I highly recommend this $12 seal/gasket to be replaced. It is easy to do: Access is easy and tools are common.

When mine let go, I lost 4 liters of oil driving ~ 15 miles. This is not something you want to happen on a long trip.

As you can see in the video, the seal was hardened from years of use. It cracked where the bubbling is observed. On removal it was brittle and cracked easily in my hand.














Here is how I replaced it:

1. Jack front right corner , remove wheel and support with jack stands ( even though you can work from beside the hub, you don't want truck falling with your arms in around the control arm and sway bar).
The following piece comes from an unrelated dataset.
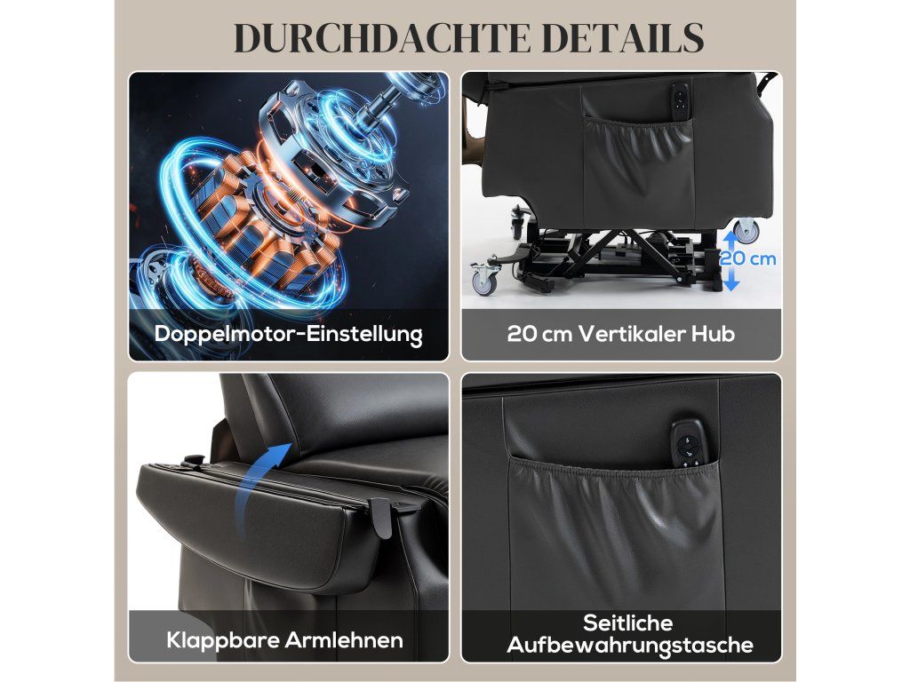Vertikální zdvih polohování a dva motory: S úhlem sklonu až 170° nabízí toto polohovací křeslo maximální pohodlí. V plném sklopení se zvedne vertikálně až o 20 cm, zatímco opěradlo lze zaaretovat v libovolném požadovaném úhlu. Obě loketní opěrky se dají sklopit pro snadný přístup a nezávislé dva motory umožňují individuální nastavení opěradla a opěrky nohou.

2. Pull the plastic fastener (A) on the wheel well liner that just covers the oil pump (it connects the top part of the plastic liner to the bottom engine rail), Fold it out of the way.



3. Disconnect Valve Timing Oil Pressure Switch Connector (connector on green part #15).

4. Clean any dirt , sand, etc from the Spool Valve Assembly (part #10).

5. Disconnect VTEC Solenoid connector (tail on part #12) Note, this connector is an odd ball (see grey connector in middle photo below), you need to squeeze the tab on the top black harness connector to release it then squeeze the tab on the bottom grey tail to disconnect it from the metal stay.

6. Use a 12mm socket on an extension to remove the 3 bolts holding the Spool Valve Assembly to the Oil pump. ( place a pan on floor to catch dripping oil).

7. Remove Spool Valve Assembly, drain oil, clean debris. (no need to remove oil filter).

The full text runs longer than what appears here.